Ты пьёшь каждый вечер, в одиночку. Принимаешь много – спишь, и проходит мимо тебя этот злой час. Даже не спишь – выпадаешь из реальности тяжёлым, почти мёртвым телом. Нихуя хорошего.
Принимаешь мало – никуда не выпадаешь, только чуть всё смягчается. Толку не ноль, но и… Неполная, в общем, анестезия.
Да и думаешь иногда: а за час до рассвета крутить начинает – не оттого ли, что добавить требуется? Вот так, банально – алкоголизм. А?
Нахуй-нахуй.
Любовь… Не ебля, не секс – любовь. С еблей, конечно, с сексом, но, что называется, по любви. Да ты, собственно, иначе и не умеешь.
…ты проводишь рукой по Её груди… раз, другой… ощущаешь отклик… Её рука касается тебя, и сжимает, и ты напряжён, как, кажется, никогда, вы оба задыхаетесь, и делается тепло и влажно, как… как в утробе, наверное, но в тебе ещё и растёт, растёт, растёт неистовство, которого в утробе быть не могло…
Нет, не трать слов, не нужно.
А потом – ты отключаешься от всего, и уже не твой тяжёлый час проходит мимо тебя, а ты – мимо него. «Сильна, как смерть, любовь».
Сильна-то сильна, да выносливости, что ли, недостаёт…
И снова тебя прихватывает, несмотря ни на алкоголь, ни на любовь. И прорезается: это не то тебя мучает, что тогда, в юности, совсем не то. Подумаешь – смертен…
В другом дело, только ты не можешь сформулировать, в чём. Набор мыслей. С отвращением думаешь: почему вокруг тебя нет ни одного счастливого человека? Даже эти, которые готовятся не готовясь, – и они поголовно несчастливы. Кто как, все по-разному, но – поголовно.
Ты перебираешь моменты старой боли. Оказывается, ты помнишь их все. И как пьяный отец напугал тебя, трёхлетнего, сам того не желая. И как дебил-восьмиклассник каждый день вымогал у тебя, второклассника, пятачок. И как ты предал одно, чтобы остаться верным другому. И как под колёса твоей машины из-за опоры моста выскочила собака, красавец ризеншнауцер, и ты не успел затормозить. И похороны, одни, другие, бессчётные. И много, много, много…

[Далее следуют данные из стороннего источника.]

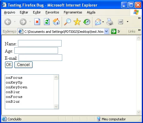 Fiz um exemplo com um simples HTML e um formulário, onde um dos campos possui tratamente dos eventos (onBlur, onFocus, etc). O IE (6.0.2900.2180 SP2) e o Firefox (2.0.0.9) se comportam de maneira diferente.

А моментов счастья ты почти не помнишь. Может, только – как твой одноклассник, он же товарищ по несчастью, привёл к тому дебилу-восьмикласснику своего брата, оказавшегося авторитетом с погонялом Молодой. И ещё – как в свой день рожденья ты просыпался тогда же, за час до рассвета, и ждал чуда, и неважно, что сам чудо растворилось в памяти. И ещё – четыре гола, которые ты забил однажды. И ещё – первое ощущение вкуса Её губ, кем бы она ни была.
И всё. Ничего больше.
Так тебя корёжит долгие месяцы, и ты не выдерживаешь – делишься с другом, которого считаешь мудрым. И мудрец говорит тебе: брось! Всё, что сделано – сделано, ты всегда был прав перед собой. А что будет – кто знает? Брось! И вообще – твой час может настичь тебя хоть в полдень, хоть в полночь, хоть за твоим, извини, ёбаным ланчем или как ты там это называешь.
Твой мудрый друг не любит иностранных слов. И к тому же он не понимает, что этот час всё равно будет тем самым – часом до рассвета.
А может, понимает. Тогда ты, значит, не понимаешь – что он пытается тебе объяснить. Потому что он мудр, а ты нет.
Тебе не делается хуже. Всё так же, только силы убывают.
И тогда ты:
– заставляешь себя проснуться за два часа до рассвета;
– выходишь из дому, прихватив с собой бутылку мощного, густого вина, тонкий бокал и пачку сигарет;
– садишься у подъезда, ждёшь момента, называемого «за час до рассвета»;
– и встречаешь этот момент бокалом вина.
Ты один здесь. Утренний туман вязок и холоден. Ты прячешь бутылку под одежду, ибо вино не должно мёрзнуть, и закуриваешь, а потом снова наливаешь и снова тянешь вино, отдающее черносливом и палой листвой.
Наступает рассвет. Он не взрывной, как бывает на море. Солнце не выпрыгивает из-за горизонта, не заливает всё вокруг праздничным светом. Твой рассвет тускл и убог, туман почти не утратил плотности, стал лишь чуть-чуть зыбче.
Но свой час ты миновал.
Пора уходить. Скоро появится уборщица Галия, которая уважает тебя за то, что ты не ссышь в лифте. А может быть, раньше неё придут подметать тротуар аккуратные таджики. Не нужно, чтобы они тебя видели. Ни к чему тебе ещё и репутация ебанутого.
Вот, оказывается, какая хуйня тебя тревожит – репутация ебанутого… Что ж, этот стыд тоже засядет в памяти.
Но всё-таки ты встретил этот час. И встретишь ещё. И, может быть, тебе повезёт встретить само неизбежное так же – на скамейке у подъезда, рядом с грязным тротуаром и переполненным мусорным контейнером, с бокалом вина в одной руке и зажжённой сигаретой в другой, за час до рассвета?